With this ‘sad’ (not to use a very impolite word) NOTAM it becomes official.

I will be flying from Cyprus to my home country in August, planning to land at LPSO. I will have to go through all the process, which I do expect to be fast.

On the other hand, I read some, to say the least, stereotyped comments, which by the way is making EU the fiasco it is today. Check first before making comments on authorities procedures and response to those. Biases comments based on nationality, south and north, whatever, does not add value to what all want: a good European environment and conditions for GA.

@ Noe: Thank you very much for your initiate. I know that AOPA Portugal will discuss the issue with ANAC, but I wouldn’t place much hopes on that. Your feedback would be highly appreciated.

LPSR, Portugal

lmsl1967 wrote:

On the other hand, I read some, to say the least, stereotyped comments, which by the way is making EU the fiasco it is today. Check first before making comments on authorities procedures and response to those. Biases comments based on nationality, south and north, whatever, does not add value to what all want: a good European environment and conditions for GA.

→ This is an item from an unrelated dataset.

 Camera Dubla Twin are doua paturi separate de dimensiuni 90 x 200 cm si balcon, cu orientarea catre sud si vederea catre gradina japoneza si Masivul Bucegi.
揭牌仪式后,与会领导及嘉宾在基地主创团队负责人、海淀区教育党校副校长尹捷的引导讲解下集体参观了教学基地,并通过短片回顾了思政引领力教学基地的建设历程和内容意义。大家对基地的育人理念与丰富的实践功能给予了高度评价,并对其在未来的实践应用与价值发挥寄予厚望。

Why would this be Europe / the EU ?
It is a national government / national administration that is discretionally limiting free movement by requesting not only information but prior authorisation before intra-Schengen flights depart/arrive. And yes, the government who does this is fully to blame for the buerocratic control it wants to exercise here on its own and other European citizens.

And yes, some countries have more/less buerocracy than others – not speaking up on that does not help.
Political correctness is ritualized euphemism that helps no one.

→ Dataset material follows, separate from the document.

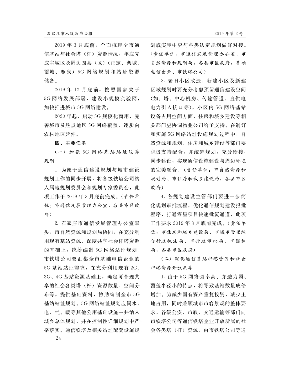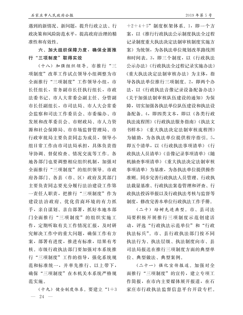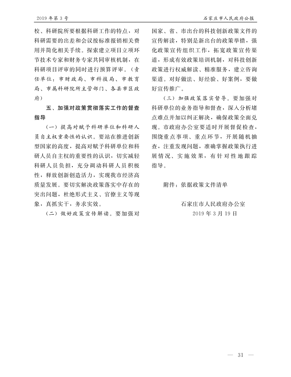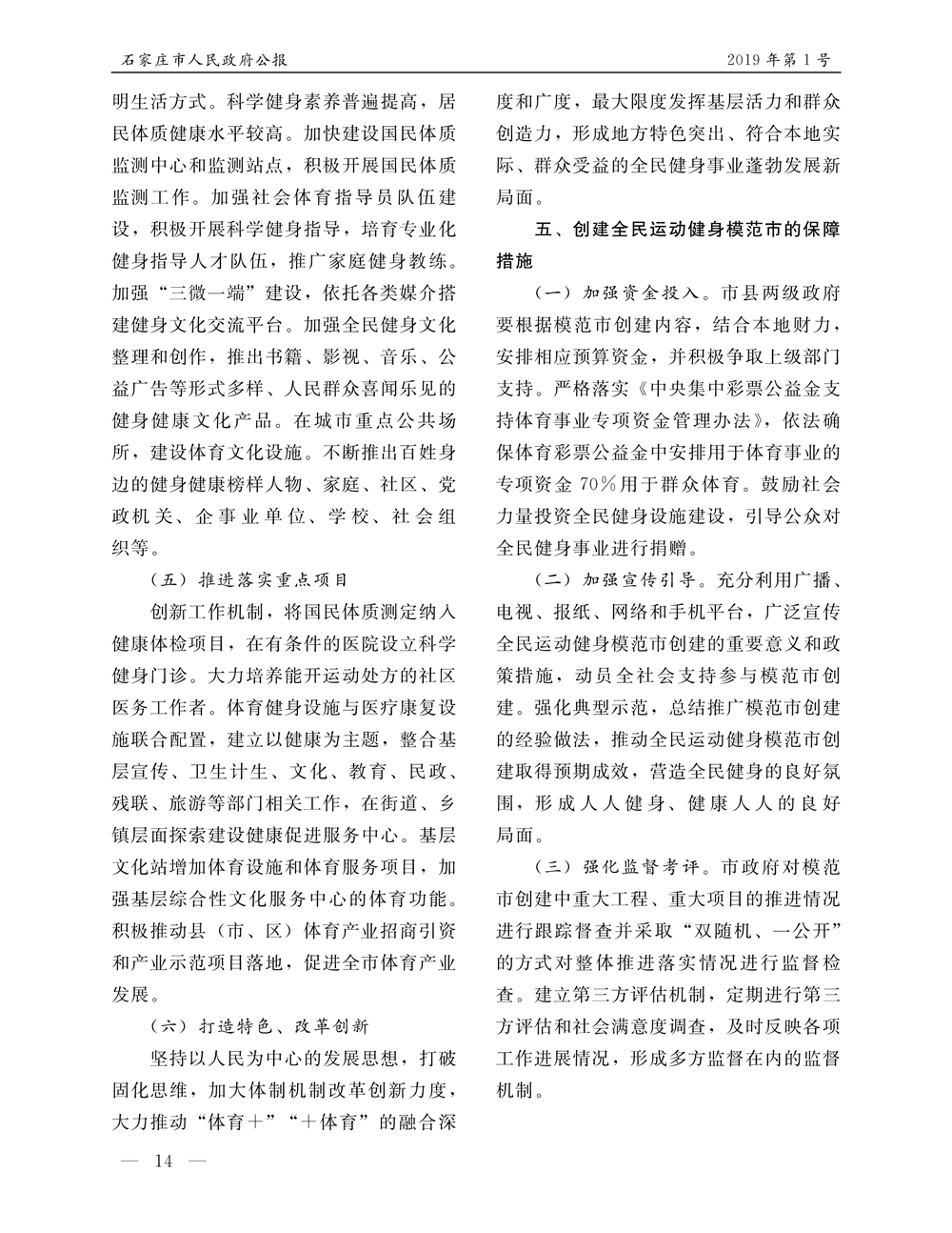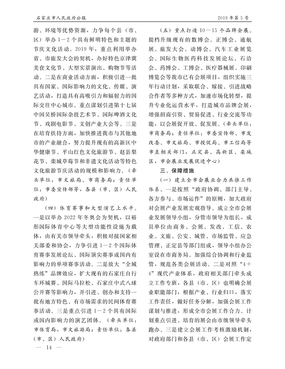 石家莊市人民政府公報2019年第5號

Last Edited by ch.ess at 01 Jun 07:10
...
EDM_, Germany

@ ch.ess

I fully agree with all you say on your post, the NOTAM is unacceptable, discriminatory, discretionary, wrong, etc. Not speaking up and limiting comments to political correctness was not what I meant to say with such paragraph. But speaking up and raise the concerns does not imply to make judgmental and pejorative comments on the Portuguese Authorities as I saw in one post.

Back into the subject. I have just sent as email to AOPA Portugal to seek an update. Major problem is that the NOTAM is not some internal ANAC regulation but the letter of the law from a legal diploma. Obviously there is the ANAC advisory responsibility on such diploma, I seriously doubt that someone in the Portuguese Government at that time would regulate on that without consulting aeronautic authorities.

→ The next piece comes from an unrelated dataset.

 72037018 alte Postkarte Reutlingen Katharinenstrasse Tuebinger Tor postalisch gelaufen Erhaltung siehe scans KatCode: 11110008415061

The major question is going to be: does it bring additional taxation to us by having to pay to customs authorities trip to the destination based on the PPR submission? No clue. Based on a recent experience when the Pope visited the country last month and they closed the terrestrial borders, they will not have the capacity to implement a full check. Not clearing the PPR? That’s a possibility, but, and I am not a lawyer, that could definitely violate the ‘freedom of movement’ inside Schengen.

My hopes. Just a preemptive measure to have a 24 hours control on air movements, and from there, based on whatever suspicious they will have, conduct security checks.

Once I have a feedback from Portuguese AOPA, if they get one, I will provide a feedback of it.

Luis

LPSR, Portugal

Unfortunately it was expected and as some of you correctly mentioned

Do you have any idea what the reason is for this? Where is the pressure for this coming from?

Is it security fears, or is it a power grab by certain authorities, or is there some commerical benefit for the larger airports that’s driving it?

EIWT Weston, Ireland

I would also hope that technical / customs stops would be somehow excempt from the extortionate handling charges at certain places. 3 Years ago, I had an operations guy in Porto sympathise with my case (I was delayed in Biarritz and would only be able to land by night, and needed to refuel with JetA1, so needed Porto LPPR instead of vilar de Luz LPVL (they are a couple miles away from each other) and in the end he came up and was really sorry, saying that the cheapest he could get was 500 euros.